Bongard: We’ve learned that more than anything, how resilient we are. You always hope you would be, you always think you would be, but you don’t know until times of trouble. Traditionally, we have no one working from home but during the pandemic we had 80%. We learned that during times of pressure you can create some very good initiatives. As mentioned before, we were already going through our business continuity plans and were prepared. The other thing was we were really proactive in meeting about what was happening overseas before it really hit even the U.S. We also learned that technology truly is the backbone of everything we do and utilized it more than ever. Virtually officing and virtual communication has become almost the norm. We learned we can do this remote. We learned we can get through it. But it still doesn’t take the place of face-to-face and in-person touches.
In long term, has virtualization changed to some extent the way you may do some sales presentations or hiring practices?
Bongard: Absolutely, especially some initial interviews. We had many virtual lunch-and-learns. We held some mini-conferences with our customers. It was tough at first to keep people engaged. We had to shift gears to make it more interactive and interesting. I think we all learned as an industry how to get through that and make it better going forward.
Perhaps some of the skills gained from that will add efficiencies down the line?
Bongard: Yes, especially training. Traditionally, we all had to send people off to a different state or somewhere else. You’re incurring costs and salaries or wages of some kind, per diem out of the office and hotel. During the pandemic, a lot of it was offered virtually and it was fantastic. I’m looking forward to more of that. It’s just more efficient for companies and for who’s offering as well.

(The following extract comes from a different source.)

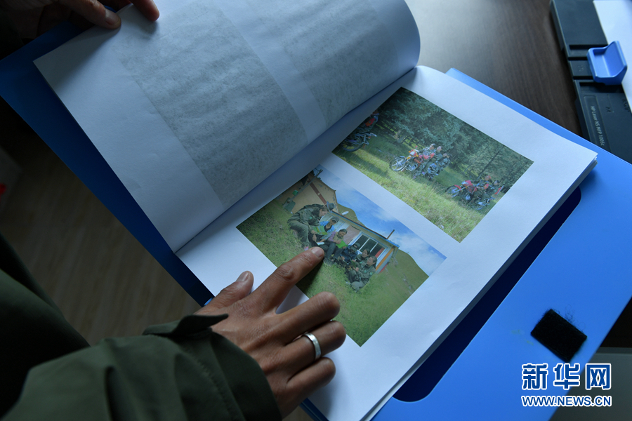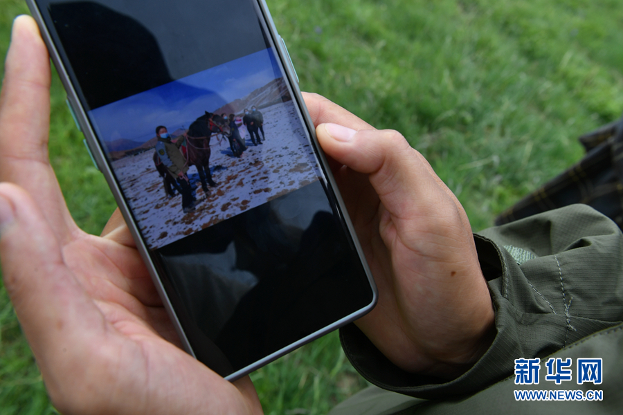 圖為代吉桑毛向記者展示冬季巡護中拍攝的工作照。新華網 卡婭梅朵 攝

Boulgarides: We were already a virtual company so that part of it was not a big deal, but I never thought I had to have 1,000 masks or cases of hand sanitizer in my warehouse. I do now in case something like this ever happens again. When this thing hit, we had nothing. I was going down to the garment district in downtown L.A. and having them make us masks. This whole process, overall, as a company we’re now better prepared if this happens again. This may be the new normal as this moves forward. We were fortunate as a company in that although we had some cases of COVID everyone did a good job following the guidelines to minimize spread.
The experience reinforced our business strategy to diversify as you don’t want to have all your eggs in one basket. Thank God I didn’t have all my eggs in the office space basket or else I wouldn’t be doing this interview right now. Managed services is really important, and we need to redouble our efforts there. It was one of the reasons we were able to get through this. It wasn’t enough to cruise through, but it helped a lot. A lot of things we were doing were reinforced as being on the right track; it was a wake-up call to double down on those things. It added a sense of urgency because there were a few gut checks along the way.